The 2014 Tug-A-Truck competition Monday night at the Greene County Fair brought together Tuggers from near and far to test their modified trucks against each other.


In a sport where the goal is to drag the opponent’s hard work backwards, it would be understandable if things got heated. But all of the drivers were ready to have a good time. That’s what it’s all about, according to Spring Valley driver Caleb Fricke.


“It’s just a bunch of good friends, everybody gets along, and it’s kind of a cool sport. The same guy doesn’t win every time, every track is different and every day is different. It’s more of a low budget situation than sled pulling,” he said. “This is kind of what we do. We’re mostly all farmers or mechanics and we get together and drink a little beer and we pull trucks.”


Fricke and his white Nationwide Insurance-branded pickup competed in the 5,500 and 6,500-pound competitions, both of which he won last year. The 5,500 was the first competition of the day and he easily tugged through the competition all the way to the finals. After a 2-pull win in his first matchup and a win by default, he cleared Tom Reed 2-0. But he met his match in the finals, falling 2-0 against Xenia native Dustin Adams.

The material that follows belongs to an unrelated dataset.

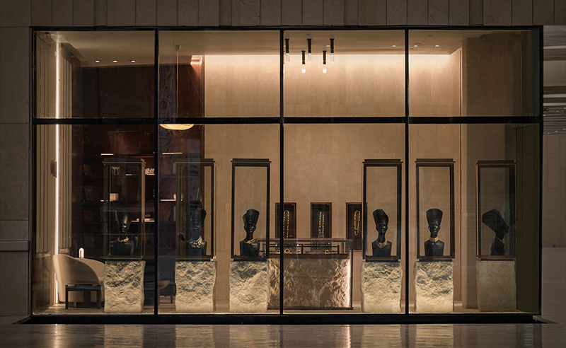 Together with Yasmina Makram and Ingy Magar, they designed the store with the same philosophy that has guided their parents’ brand for decades. Perched upon rugged stone blocks is where the jewellery is displayed, encased beneath glass not unlike the 5,000-year-old jewellery on show in the museum’s galleries.

“I’ve been to seven pulls this year. I usually would have been to 20 by now, but it’s been a rough year - I’ve been through six transmissions. It’s been a hard year, so I needed tonight,” said Fricke. “We’re just out here having fun.”


Adams and Fricke took first and second respectively, with Robert Glass taking third and Reed placing fourth. Adams was glad his baby blue truck performed well.


“What can I say? I’m having a good time. It’s a fun sport,” he said.


The big trucks at 8,500 lbs. were next and had some close matches, despite the two finalists being the clear-cut winners. Dylan Stormont and his gray Dodge were close to losing his first tug in his first matchup, but he came back to take the tug and the 2-to-0 win. Unfortunately he was matched up against Sherry and her pink Dodge, who easily made her way past the competitors to the finals. There she met Doug Newman and his 1979 Chevy. The tugs were close, but Newman pulled out the win. Curtis Freeze and Stormont took third and fourth respectively.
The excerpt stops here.